We noticed this morning that the eye was reforming on Hurricane Joaquin and the last recon reported flight level winds of 144 kts which translates to 155 mph which puts Joaquin as a borderline Category 5 hurricane. Category 5 hurricanes don’t happen to often. Back in 2005 there were 3 category 5 hurricanes in one year in the Atlantic Basin which is likely not to be repeated in a long time. The latest satellite picture shows the eye that is extremely well defined. There is still time for Joaquin to achieve Category 5 status.
The GFS makes a slight westward shift as the hurricane nears Bermuda and takes the center about 100 miles or so west of the island. This would certainly put in range of tropical storm conditions but the core of the hurricane would pass well offshore on this model’s path.
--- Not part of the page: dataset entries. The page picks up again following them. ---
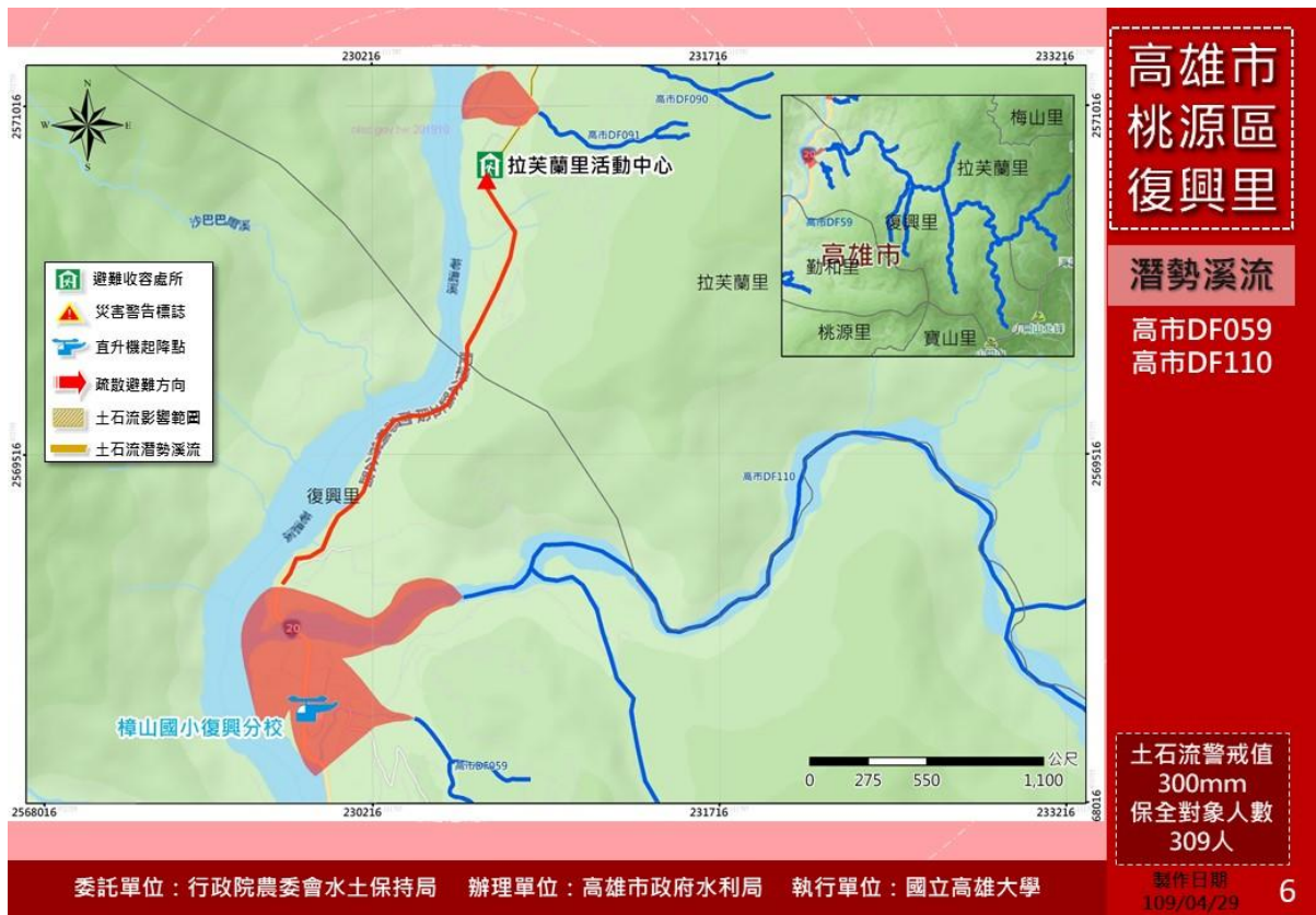
圖一 土石流疏散避難圖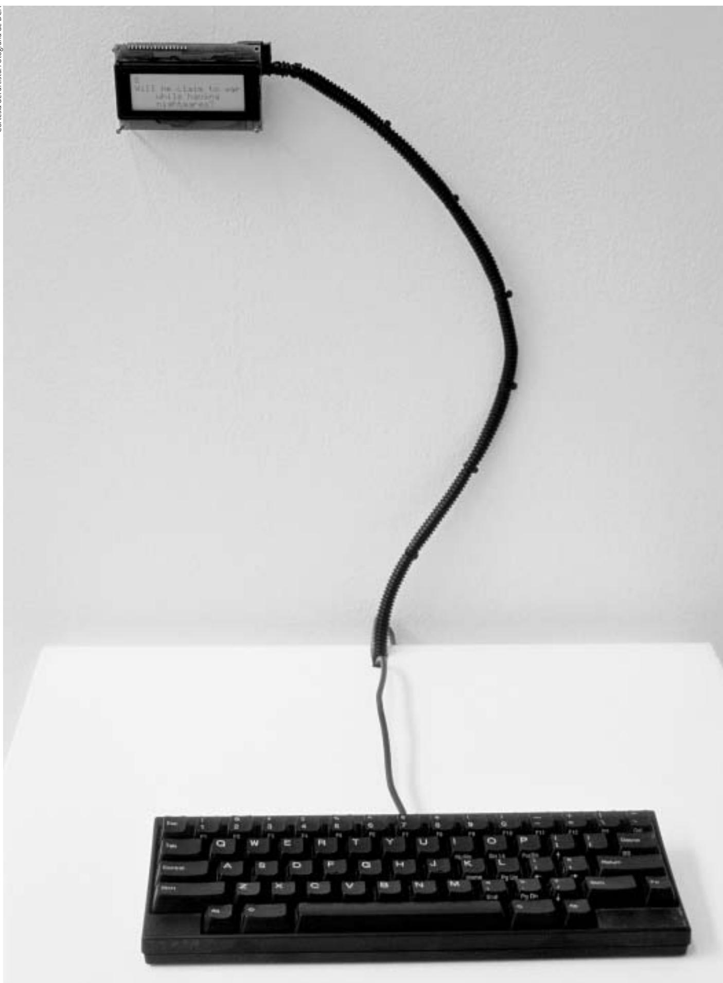
Rafael Lozano-Hemmer 33 Preguntas por Minuto, Arquitectura Relacional 5 2000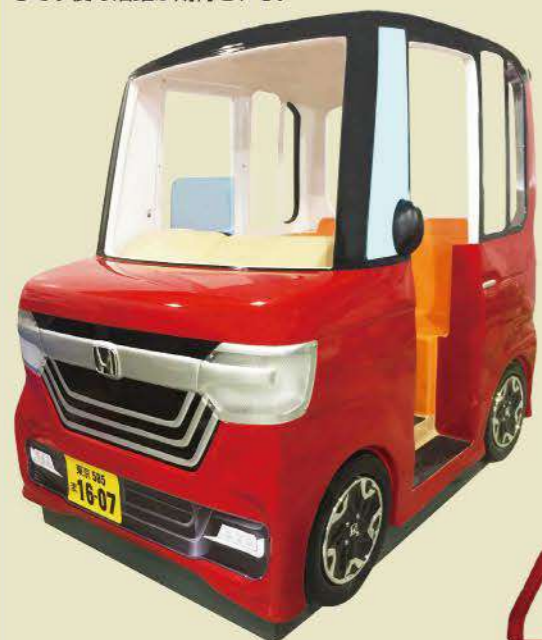
みんなでドライブ!! N-BOXカスタムver. OP価格104万円(税別) / 発売中

減少が続く国内のキッズマシン市場において、開発にも注力し、存在感が日増しに高まるマインズ。グループ会社の「ショーケン」が旧ホープ社のサービス・メンテナンスを承継し、新旧のキッズ機に強さを発揮。SCロケの大きな味方として今後の活躍が期待される。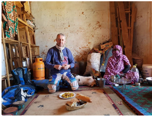
le motard intégré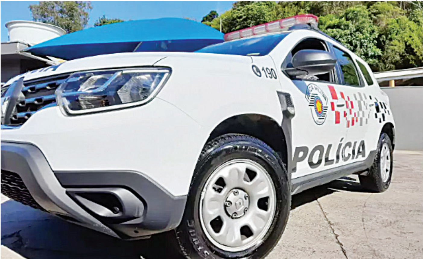
Os PMs o localizaram no bar e o prenderam

Um ‘Jack’ - gíria que surgiu na cadeia e que significa estuprador -, foi capturado por policiais militares em um bar na avenida Espanha, em Cabreúva. O estuprador de criança estava dentro do estabelecimento, consumindo cerveja, quando os PMs - que já tinham conhecimento sobre o mandado de prisão contra ele -, assim que o avistaram efetuaram a abordagem. Com ele nada de ilícito foi encontrado. Porém, constou contra ele mandado de prisão por estupro de vulnerável, importunação sexual e ameaça. Conduzido ao 1º DP de Cabreúva, foi dado cumprimento ao mandado de prisão, ficando ele à disposição da Justiça.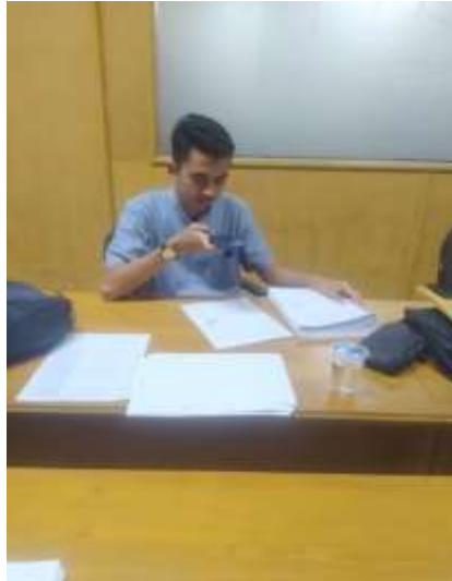
Gambar 3. Memverifikasi Bukti Transaksi Pengeluaran dan Penerimaan Kas Klien

Pada proses ini mahasiswa melakukan pengecekan otorisasi dan memvalidasi apakah bukti transaksi yang ada pada soft file sesuai dengan kwitansi dan jumlah ril penerimaan dan pengeluaran kas klien.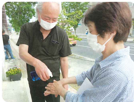
お店の中に入る前は、アルコールでしっかり手の消毒。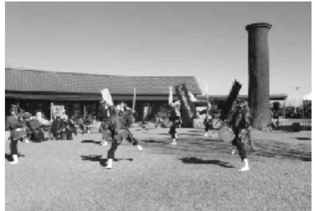
▲ダイナミックな踊りの「おきなわエイサー」

また、道の駅内の広場にて「だんべえ踊り」・「おきなわエイサー」の上演やミニライブが開催され、来場された方々は大いに楽しんでいました。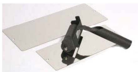
FPT258 - FPT260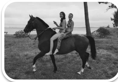
Amélie, Polo et Utah Balade à cru à Gatseau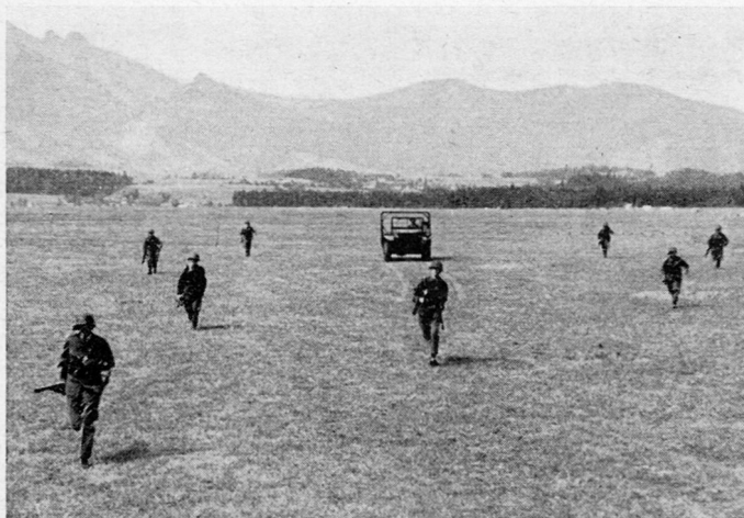
Bild 3. Motordragoner-Gefechtsgruppe abgesessen; Fahrzeug folgt unmittelbar mit der Gruppe (z.B. in coupiertem Gelände)

Den heutigen Motordragoner-Bataillonen waren grundsätzlich folgende Aufgaben zugeordnet, welche sinngemäß auch auf die Aufgaben der Leichten Brigaden übertragen werden können:

But 100 miles is a very small error.
The European takes it also just left of Bermuda before both models accelerate the hurricane to the northeast. While it is out west of 65 west and on its northeast trip from there, the ocean is going to be very rough here for a few days, espeically having been roughed up by 4 days of northeast winds with our seperate noreaster event. Considering how much tidal flooding occured with no full moon, we honestly should be very thankful that Hurricane Joaquin did not get absorbed or pulled up by that trough and instead got kicked away to the northeast. Otherwise the hurricane would have devestated any shoreline it hit on its path. The next advisory by the National Hurricane Center is due out at 5pm and we will update the forecast if required to.